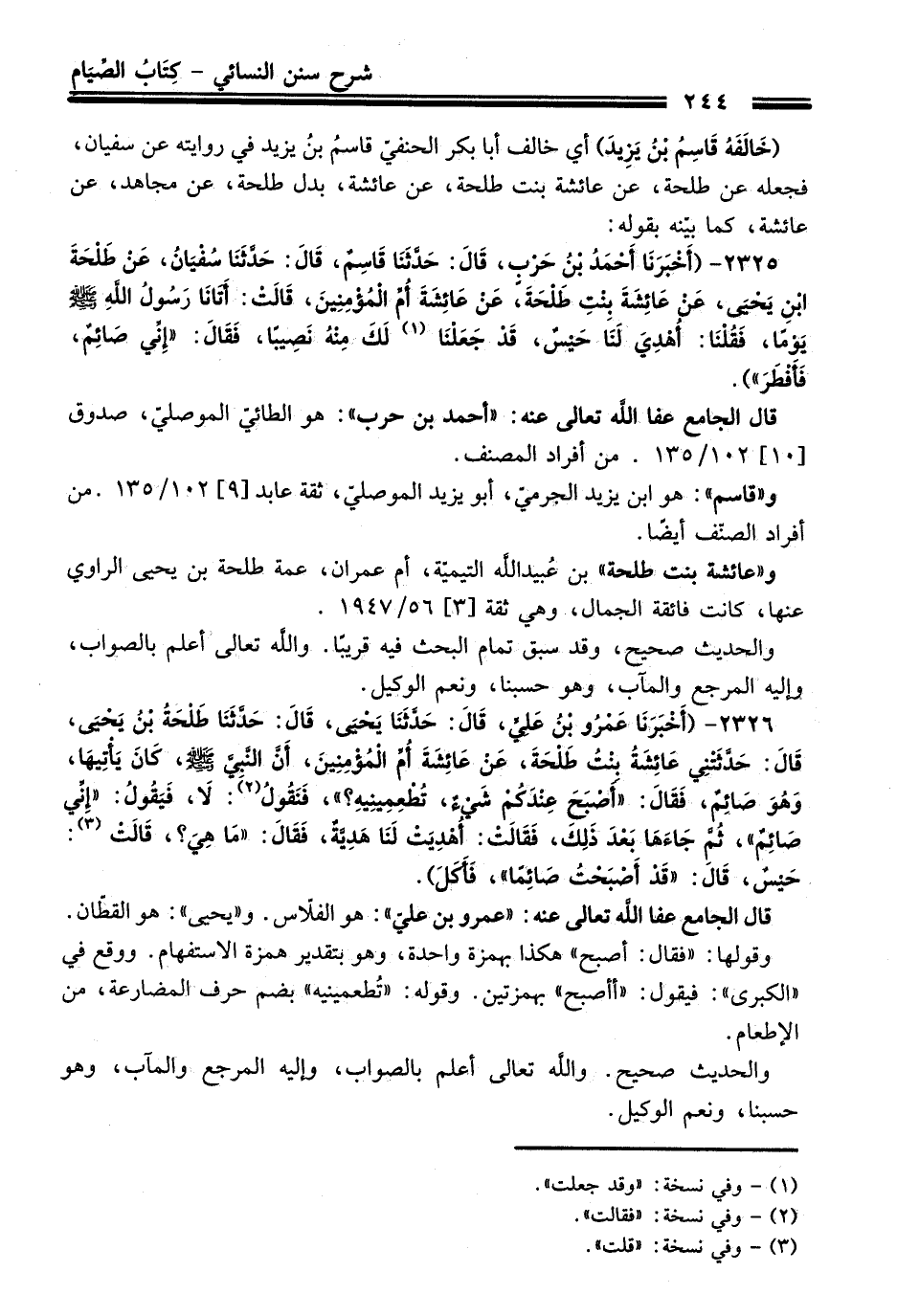 2325 - (أَخْبَرَنَا أَحْمَدُ بْنُ حَرْبٍ, قَالَ: حَدَّثَنَا قَاسِمٌ, قَالَ: حَدَّثَنَا سُفْيَانُ, عَنْ طَلْحَةَ بْنِ يَحْيَى, عَنْ عَائِشَةَ بِنْتِ طَلْحَةَ, عَنْ عَائِشَةَ أُمِّ الْمُؤْمِنِينَ, قَالَتْ: أَتَانَا رَسُولُ اللَّهِ - صلى اللَّه عليه وسلم - يَوْمًا, فَقُلْنَا أُهْدِيَ لَنَا حَيْسٌ, قَدْ جَعَلْنَا (¬1) لَكَ مِنْهُ نَصِيبًا, فَقَالَ: «إِنِّي صَائِمٌ, فَأَفْطَرَ»).
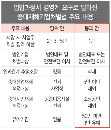 이는 발의한 원안에 비해 벌금의 상한이 높아졌을 뿐 전반적으로 처벌 수위는 턱없이 낮아졌습니다. 더불어민주당이 발의한 원안은 징역 2년 이상 또는 벌금 5억 이상이었죠. 정부안은 징역 2년 이상 또는 5000만 원 이상 10억 이하 벌금이었고요. 그런데 최종 통과된 안은 징역형이 1년으로 낮아지고 벌금의 하한도 사라졌습니다. 영세사업자나 소상공인 업주의 타격을 핑계 삼아 징역형을 낮춘 것도 코웃음이 나지만 벌금의 하한선을 없애버렸다는 것은 심각한 문제입니다. 산업재해의 76.6%는 법 적용에서 빠지거나 유예된 영세사업장에서 일어나기 때문입니다.
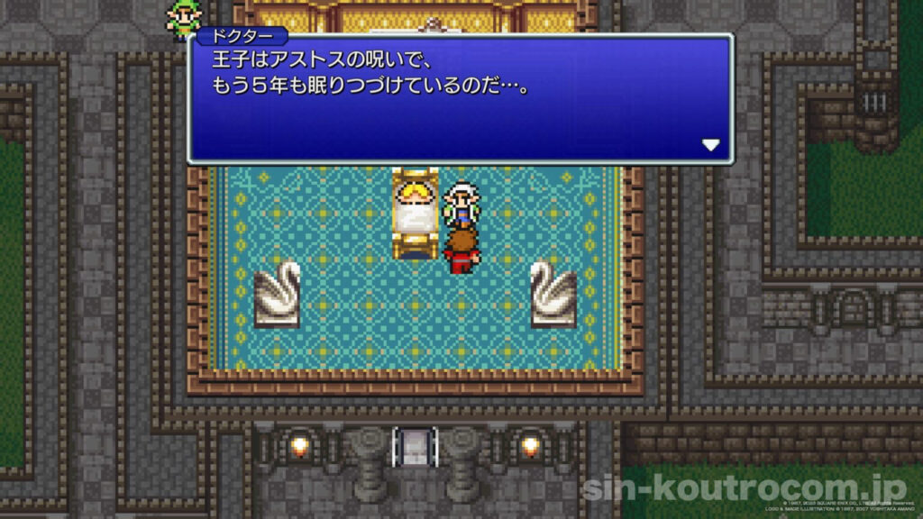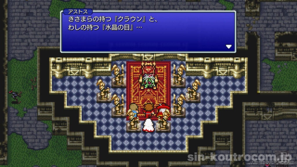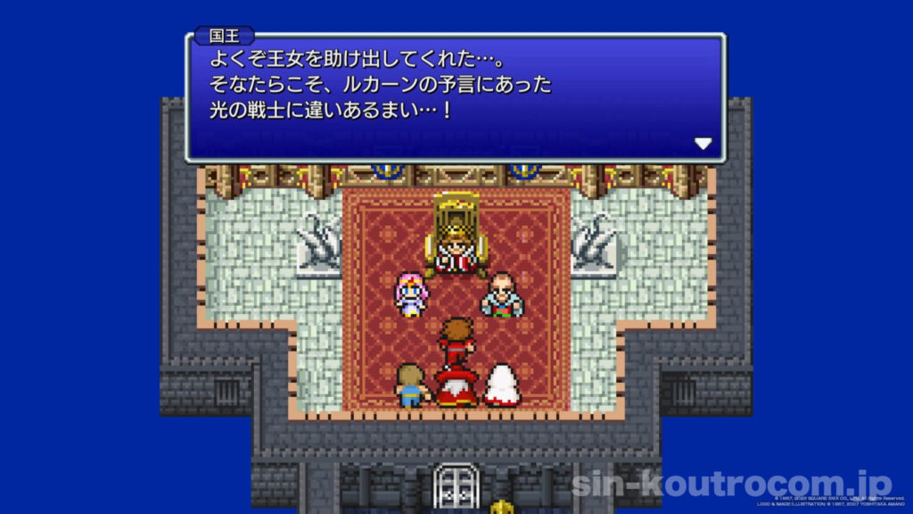 王の嘆きに心を動かされた光の戦士たちは、自ら姫の救出に名乗り出る。彼らの手には闇に輝きを失ったクリスタルが握られており、それを見た王は伝説の光の戦士の到来を確信した。王は「救出に成功した暁には国をあげて協力しよう」と約束し、こうして4人は姫を救うべくカオス神殿へ向かうことに。

ASSIGNMENT — When copying the listing, print each line exactly but leave out every picture.

OUTPUT BELOW —
 2325 - (أَخْبَرَنَا أَحْمَدُ بْنُ حَرْبٍ, قَالَ: حَدَّثَنَا قَاسِمٌ, قَالَ: حَدَّثَنَا سُفْيَانُ, عَنْ طَلْحَةَ بْنِ يَحْيَى, عَنْ عَائِشَةَ بِنْتِ طَلْحَةَ, عَنْ عَائِشَةَ أُمِّ الْمُؤْمِنِينَ, قَالَتْ: أَتَانَا رَسُولُ اللَّهِ - صلى اللَّه عليه وسلم - يَوْمًا, فَقُلْنَا أُهْدِيَ لَنَا حَيْسٌ, قَدْ جَعَلْنَا (¬1) لَكَ مِنْهُ نَصِيبًا, فَقَالَ: «إِنِّي صَائِمٌ, فَأَفْطَرَ»).
 이는 발의한 원안에 비해 벌금의 상한이 높아졌을 뿐 전반적으로 처벌 수위는 턱없이 낮아졌습니다. 더불어민주당이 발의한 원안은 징역 2년 이상 또는 벌금 5억 이상이었죠. 정부안은 징역 2년 이상 또는 5000만 원 이상 10억 이하 벌금이었고요. 그런데 최종 통과된 안은 징역형이 1년으로 낮아지고 벌금의 하한도 사라졌습니다. 영세사업자나 소상공인 업주의 타격을 핑계 삼아 징역형을 낮춘 것도 코웃음이 나지만 벌금의 하한선을 없애버렸다는 것은 심각한 문제입니다. 산업재해의 76.6%는 법 적용에서 빠지거나 유예된 영세사업장에서 일어나기 때문입니다.
 王の嘆きに心を動かされた光の戦士たちは、自ら姫の救出に名乗り出る。彼らの手には闇に輝きを失ったクリスタルが握られており、それを見た王は伝説の光の戦士の到来を確信した。王は「救出に成功した暁には国をあげて協力しよう」と約束し、こうして4人は姫を救うべくカオス神殿へ向かうことに。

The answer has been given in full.